The Lede
A new report from the Madras School of Economics raises significant concerns over a persistent decline in India's household savings rate. The study indicates that household savings have fallen from an average of 22.9% of GDP between 2000 and 2011 to 18.4% between 2012 and 2023. This trend, alongside sluggish income growth, is seen as a potential constraint on future investment and economic stability.
The report, authored by C. Rangarajan, Chairman of the Madras School of Economics and former Reserve Bank of India Governor, and Priya Benny, points to a worrying conflict between the drive to boost consumption for economic expansion and the necessity of maintaining adequate savings to fund vital investments. The overall average total savings rate also saw a dip during the period.
The Core Issue: Declining Household Savings
The study meticulously details the shrinking proportion of savings held by Indian households. While private corporate savings have concurrently increased, growing from 7.6% of GDP to 11.2% during the same comparative periods, the household share has diminished. This shift implies a changing landscape of where capital is being generated within the economy.
The decline has been particularly steep in recent years, with household savings dropping from 22.7% in 2021 to 18.4% in 2023. A significant driver of this fall has been the reduction in financial savings, which decreased from 7.4% in 2012 to 5% in 2023, although showing a slight improvement to 5.3% in 2024 according to the latest available data.
Financial Implications and Economic Conflict
Authors of the report emphasize that high savings rates are fundamental for long-term economic growth and stability. Savings act as a crucial buffer against economic uncertainties and are the primary source of funds for investment across various sectors. A reduction in this pool of capital can directly impede the nation's capacity to finance new projects and expand its economic base.

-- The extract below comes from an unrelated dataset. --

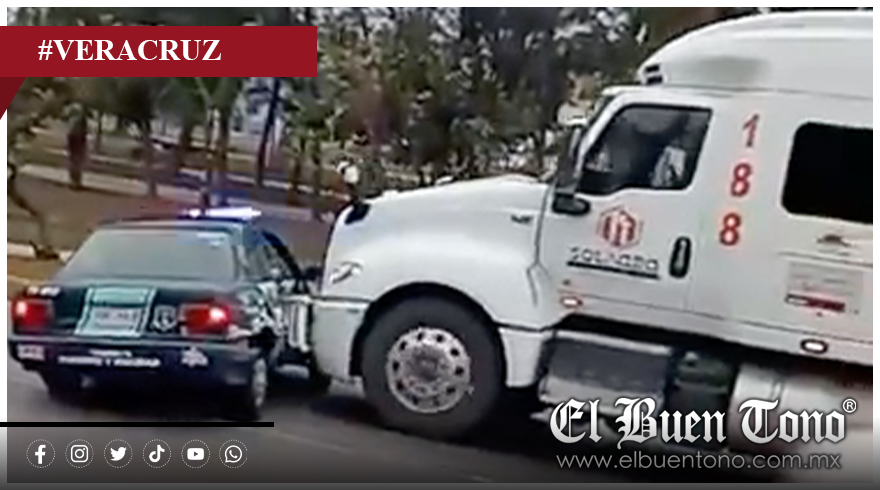 Veracruz.- La mañana de este miércoles, un tráiler de doble remolque impactó una patrulla de Tránsito marcada con el número TV-012 en el bulevar Fidel Velázquez, a la altura de la planta de tratamiento de Grupo MAS. A pesar de que el vehículo oficial fue arrastrado varios metros, no se reportaron personas lesionadas.
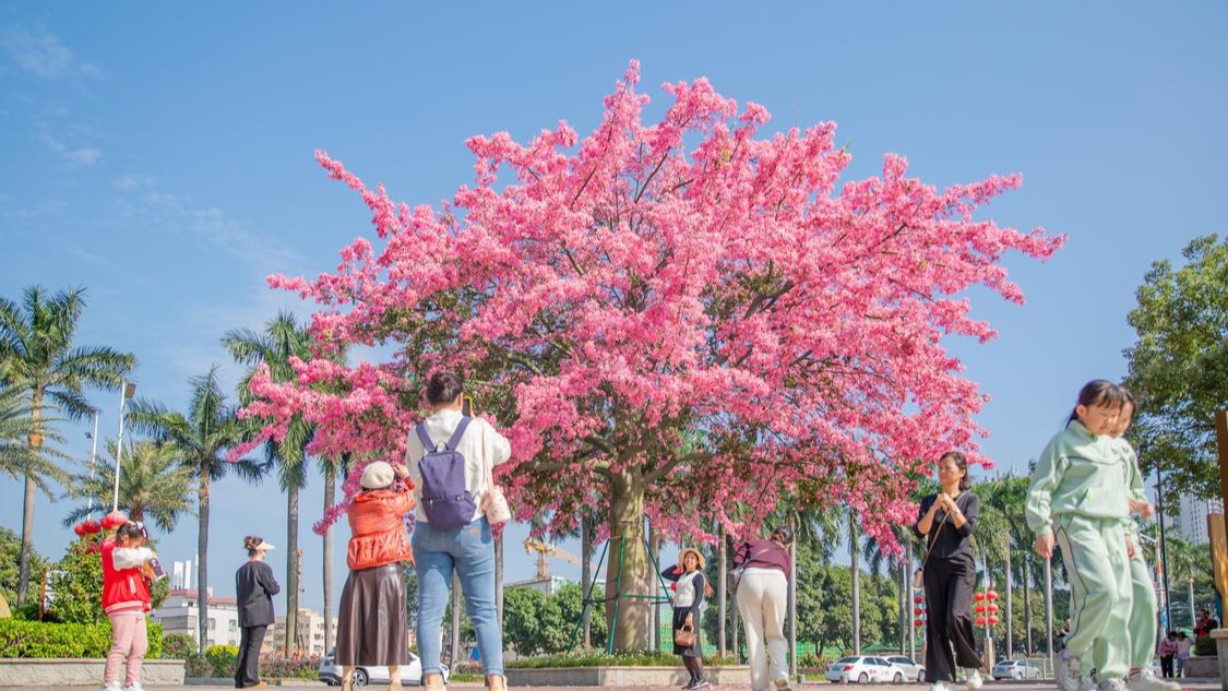 異木棉盛放,吸引了眾多攝影愛好者和市民前來觀賞和拍照。

The report highlights a critical dilemma: the need to stimulate consumption to drive economic activity versus the imperative to ensure sufficient savings for investment. This tension could complicate policy-making aimed at achieving balanced economic development, potentially slowing down long-term growth prospects if investment resources dwindle.
Historical Perspective
Historically, household savings have been a cornerstone of the Indian economy, showing steady growth since 1951. Private companies contributed minimally to savings until the economic liberalization reforms of the early 1990s. Following these reforms, private corporate savings began a consistent upward trajectory, reaching a peak of 12.2% in 2008 before settling at 11.2% in 2023.
Methodology and Data
The comprehensive analysis draws upon yearly data spanning from 1951 to 2023. The researchers utilized data sourced from the Reserve Bank of India's Database on Indian Economy (DBIE) and the National Statistical Office. The core variable examined is real household savings, with its fluctuations explained by factors such as real Gross National Disposable Income (GNDI) and the five-year average growth rate of disposable income.
Impact
This trend could lead to lower availability of domestic capital for investments, potentially increasing reliance on foreign capital or leading to slower capital formation. It may also necessitate policy adjustments to balance consumption stimulus with savings promotion. For investors, this could translate to a more challenging environment for capital-intensive sectors and a potentially slower overall economic growth trajectory.
Impact Rating: 7/10
Difficult Terms Explained
Gross Domestic Product (GDP): The total monetary or market value of all the finished goods and services produced within a country's borders in a specific time period.
Household Savings Rate (HHSR): The proportion of disposable income that households save, rather than spend.
Private Corporate Savings: Savings generated by non-financial corporations.
Financial Savings: Savings held in financial assets like bank deposits, stocks, bonds, and mutual funds, as opposed to physical assets like real estate or gold.
Marginal Propensity to Save: The proportion of an increase in income that households save.
Gross National Disposable Income (GNDI): A measure of the total income available to a country's residents, including income from abroad, after accounting for transfers and taxes.